Read FILE1 one line at a time using m/// and if there is no m///, print that
to FILE3.
>
It seems to work fine for 1000 lines of entries, but am not particularly sure
how long will that take for 8million+ rows, not even sure if I can create an
array to contain 8million+ plus rows, if I can't, then am back to doing this
on the database instead. Another option am looking at is just to read FILE1
one line at a time and do a grep "$string_to_search" FILE2 but I do not know
how to do a grep-like syntax against a file on Perl especially if the search
string is a variable.
>
Why I prefer using a script is so am not putting loads into the database not
to mention that I can put more logic into the script than on the SQL
statement.
>
Any advise or other options will be very much appreciated Thanks in
advance.
No need for flat files if you are using DBI. Read the EMPN values from
EMP@DBWAN first as it is a) slower, being on the network, and b) a shorter list,
and put these values into a Perl hash. 8 million hash values are unlikely to
take more than about 300MB of memory I would guess, which should be fine on any
recent PC. Fetching one value at a time will prevent there being two copies of
the data in memory at once (an array of retrieved values and the derived hash).
Then just read each EMPN from EMP and print it out if it isn't in the hash.

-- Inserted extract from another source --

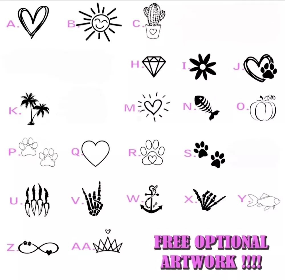 CUSTOM ENGRAVED PERSONALIZED PET TAG DOUBLE SIDED . ORDER DIRECTIONS AT BOTTOM !! Description These durable, long-lasting tags has plenty of room to customize with your pet's name, address and emergency contact information—pets name on front (with optional design) and emergency number on the back. These tags are made in multiple sizes, and styles to suit all breeds. This tag is designed to stand up for years. Key Benefits These tags can be personalized with color, font, art, and number on the back. The print is designed to hold up for years. Multiple shapes to choose from. Available in different colors.. Available in multiple sizes to suit dogs and cats of any stature—from a tiny Yorkie to a massive Bull Mastiff. What's Included in your package? 1. Split ring attachment. 1. Personalized tag. HOW TO ORDER: When ordering multiple tags choose one tag at a time then customize and add that tag to your cart. Come back to the listing and repeat those steps with as many tags as you wish. After adding all the tags to the cart your discount will automatically be applied. IMPORTANT : If you're wanting multiple lines on the front the FONT WILL BE SMALLER in conjunction to the tag size. We HIGHLY SUGGEST JUST THE PETS NAME on the front of small and extra small tags ....but we will print what you would like :-). IN THE DROP DOWN OPTIONS. 1.CHOOSE TAG PET STYLE 2. CHOOSE SIZE 3. CHOOSE COLOR IN THE BOX FOR CUSTOMIZATION. 1. name on front 2. font for pet name (1-9) 3. art work letter (A-K) (this is optional) 4. phone number or other info for the back ( BACK INFORMATION WILL BE IN ARIAL FONT FOR LEGIBILITY ) (YOU CAN ALSO TYPE "SURPRISE ME" AFTER YOU ENTER YOUR PETS NAME AND I WILL PERSONALLY CHOOSE A FONT & ART WORK THAT I THINK LOOKS BEST!! ) ***** PLEASE NOTE THAT TRACKING INFORMATION WILL ONLY BE AVAILABLE FOR ORDERS $10 OR MORE !! BEING THAT TRACKING COST RANGE FROM $3.88-$4.88 IT IS THE ONLY WAY TO KEEP PRICES AS LOW AS POSSIBLE !! :) ******

This code fragment may help.
Cheers,
Rob
use strict;
use warnings;
use DBI;
my ($dsn, $user, $pass); # Assign these as appropriate
my $dbh = DBI->connect($dsn, $user, $pass);
my %employee;
my $sth = $dbh->prepare('SELECT EMPN FRM EMP@DBWAN');
$sth->execute;
while (my ($empno) = $sth->fetchrow_array) {
$employee{$empno}++;
}
$sth = $dbh->prepare('SELECT EMPN FRM EMP');
$sth->execute;
while (my ($empno) = $sth->fetchrow_array) {
print "$empno\n" unless $employee{$empno};
}
No.4 | | 797 bytes |
| 
Just an idea, don't know whether it's useful
If you can get both files sorted (either by adding order to your sql
query that generates the file, or the commandline 'sort') the problem
becomes much more easy.
You'd just have to traverse each file, something like this:
read word_1 from file_1
read word_2 from file_2
while not at the end of the file
if word_1 < word_2
print: word_1 is not in file_2 !
read next word_1 from file_1
elseif word_2 < word_1
print: word_2 is not in file_1 !
read next word_2 from file_2
else
read next word_1 from file_1
read next word_2 from file_2
end while
Well, the stopping criterium is not quite correct yet, but you'll get my
point.
No.5 | | 407 bytes |
| 
benbart (AT) orcon (DOT) net.nz schreef:
SELECT EMPN FRM EMP WHERE EMPN NT IN ( SELECT EMPN
FRM EMP@DBWAN )
maybe use something like
select EMPN as E1 from EMP left join EMP@DBWAN as E2 on E1.EMPN =
E2.EMPN where E2.EMPN IS NULL
(untested)
So search FILE1 for all line entries of FILE2 then output whoever
does not exist
Look into `sort` and `diff` and `uniq -u`.